- Promotional poster
- Hangul: 최고의 치킨
- RR: Choegoui chikin
- MR: Ch'oegoŭi ch'ik'in
- Genre: Romantic comedy
- Written by: Jo Ah-young; Park Chan-young;
- Directed by: Lee Seung-hoon
- Starring: Park Sun-ho; Kim So-hye; Joo Woo-jae;
- Country of origin: South Korea
- Original language: Korean
- No. of episodes: 12

Production
- Camera setup: Single-camera
- Production companies: iHQ; May Queen Pictures;

Original release
- Network: MBN; Dramax;
- Release: January 2 – February 7, 2019

= Best Chicken =

2019 South Korean television series

Best Chicken is a 2019 South Korean television series starring Park Sun-ho, Kim So-hye and Joo Woo-jae. It aired on MBN and Dramax from January 2 to February 7, 2019, every Wednesday and Thursday at 23:00 (KST).

==Plot==
Park Choi-go quits from his office table job to open a chicken restaurant in a middle-income neighborhood of Seoul. Renting a plot of land where a sauna stands from the landlord, Seo Myung-dong, he has to face Myung-dong's temperamental granddaughter and the sauna's owner, Bo-ah.
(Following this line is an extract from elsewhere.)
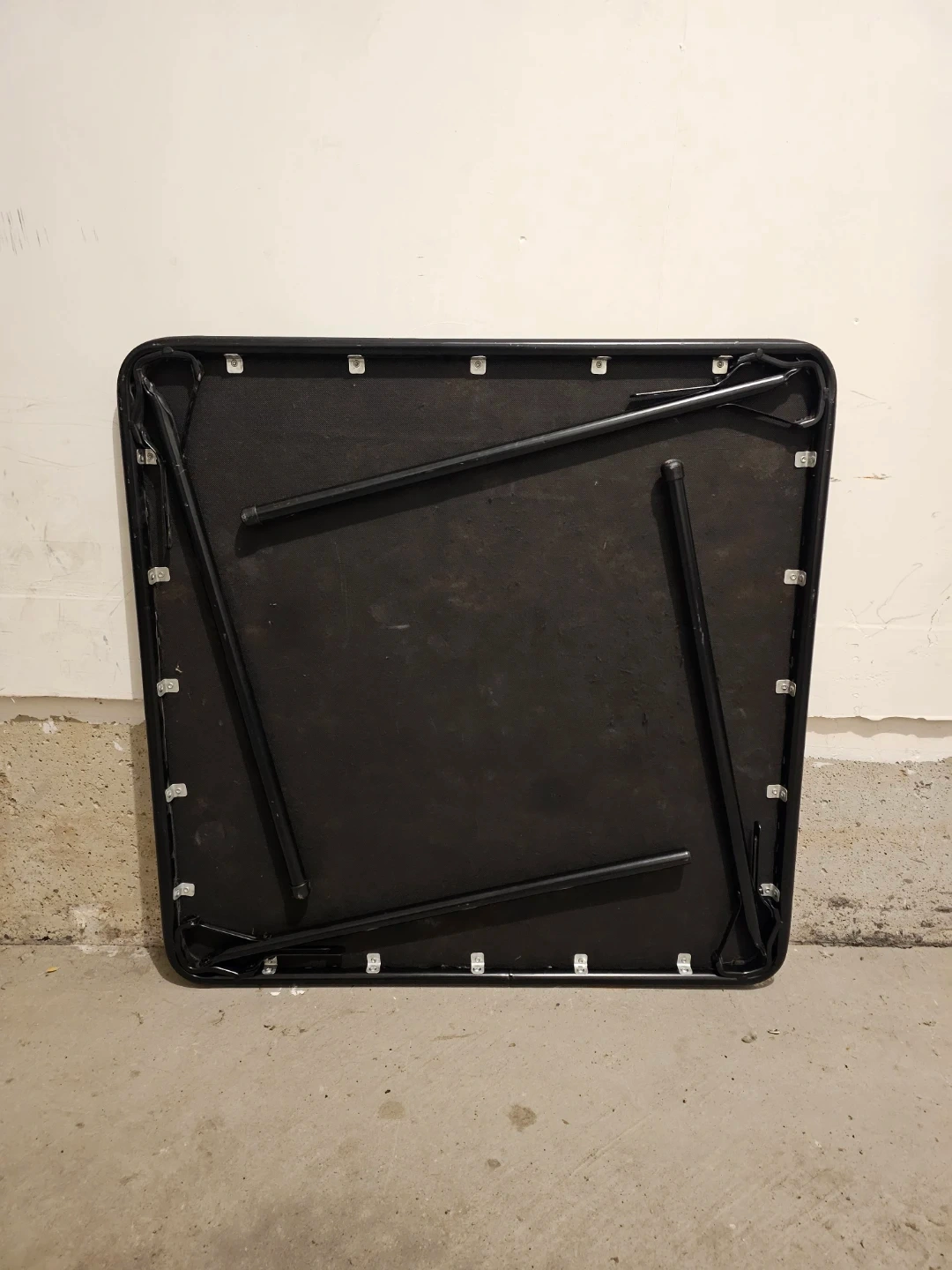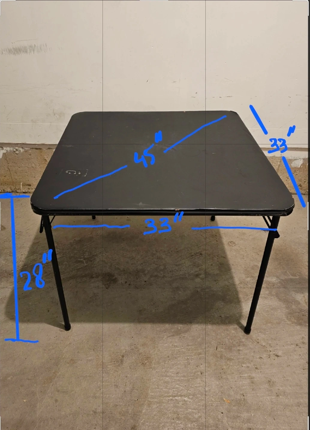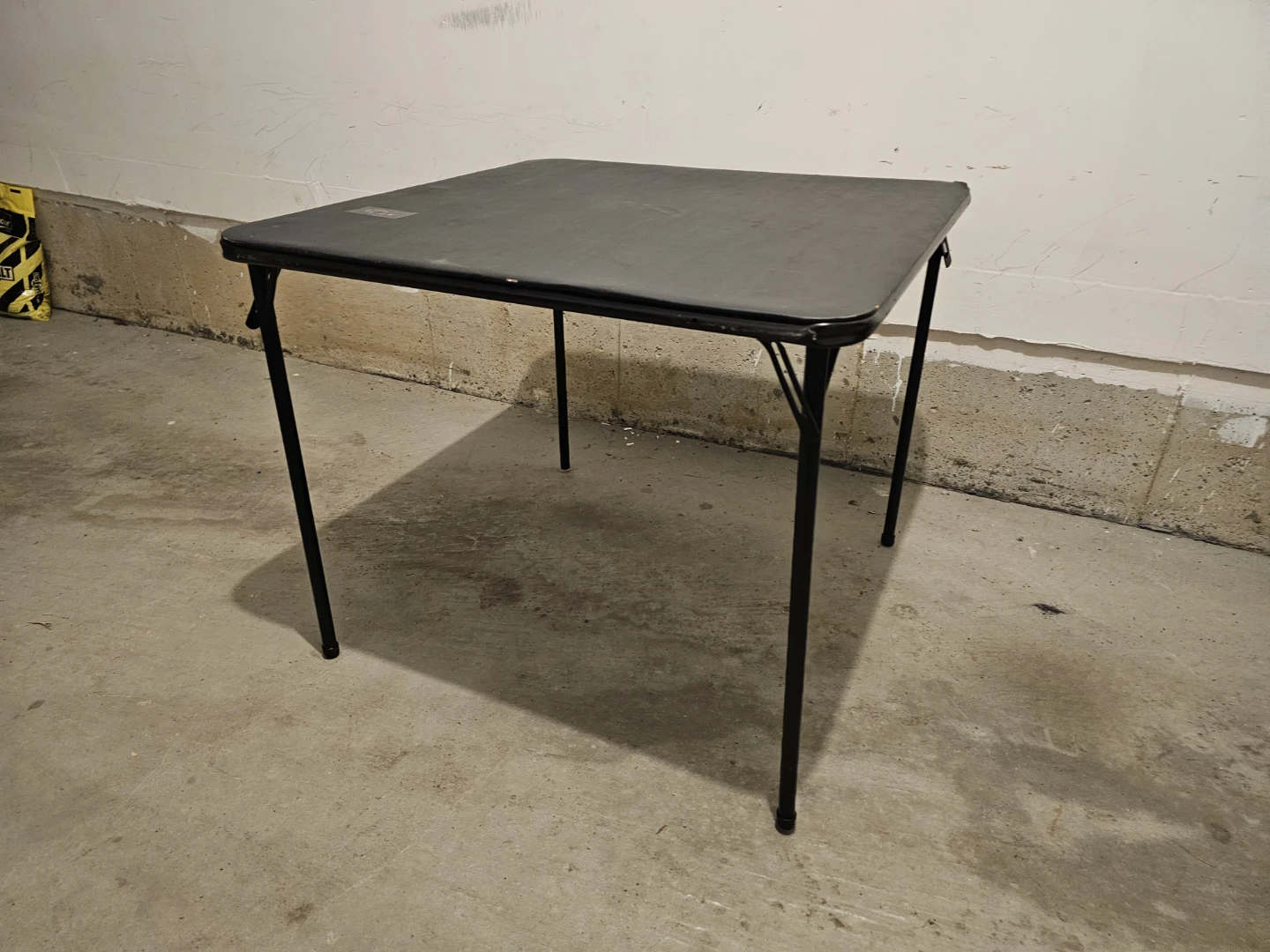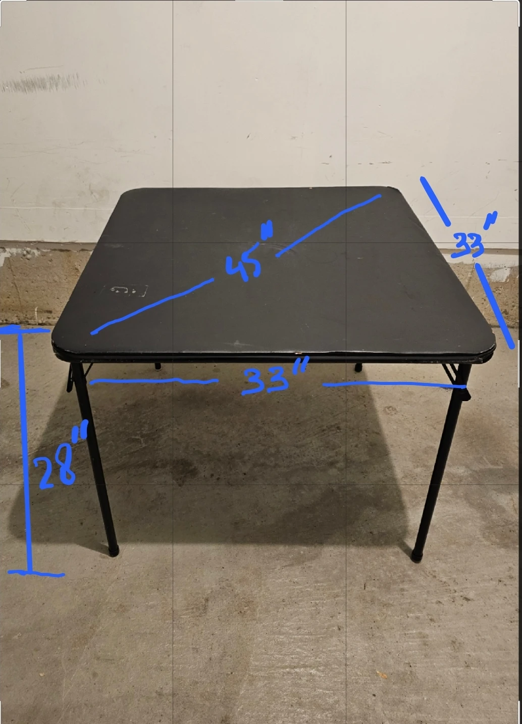 Selling a folding table in black. It's quite handy and easy to store since the legs fold up. Normal wear n tear.

For the past five years, Bo-ah, a failing webtoon artist, has been holing up in the sauna after a conflict with a popular webtoon artist over ownership rights led to her being shunned from the community. Myung-dong asks Choi-go to admit Bo-ah as a part-timer in his restaurant in exchange for a lower rent fee, hoping that she can regain her spirit.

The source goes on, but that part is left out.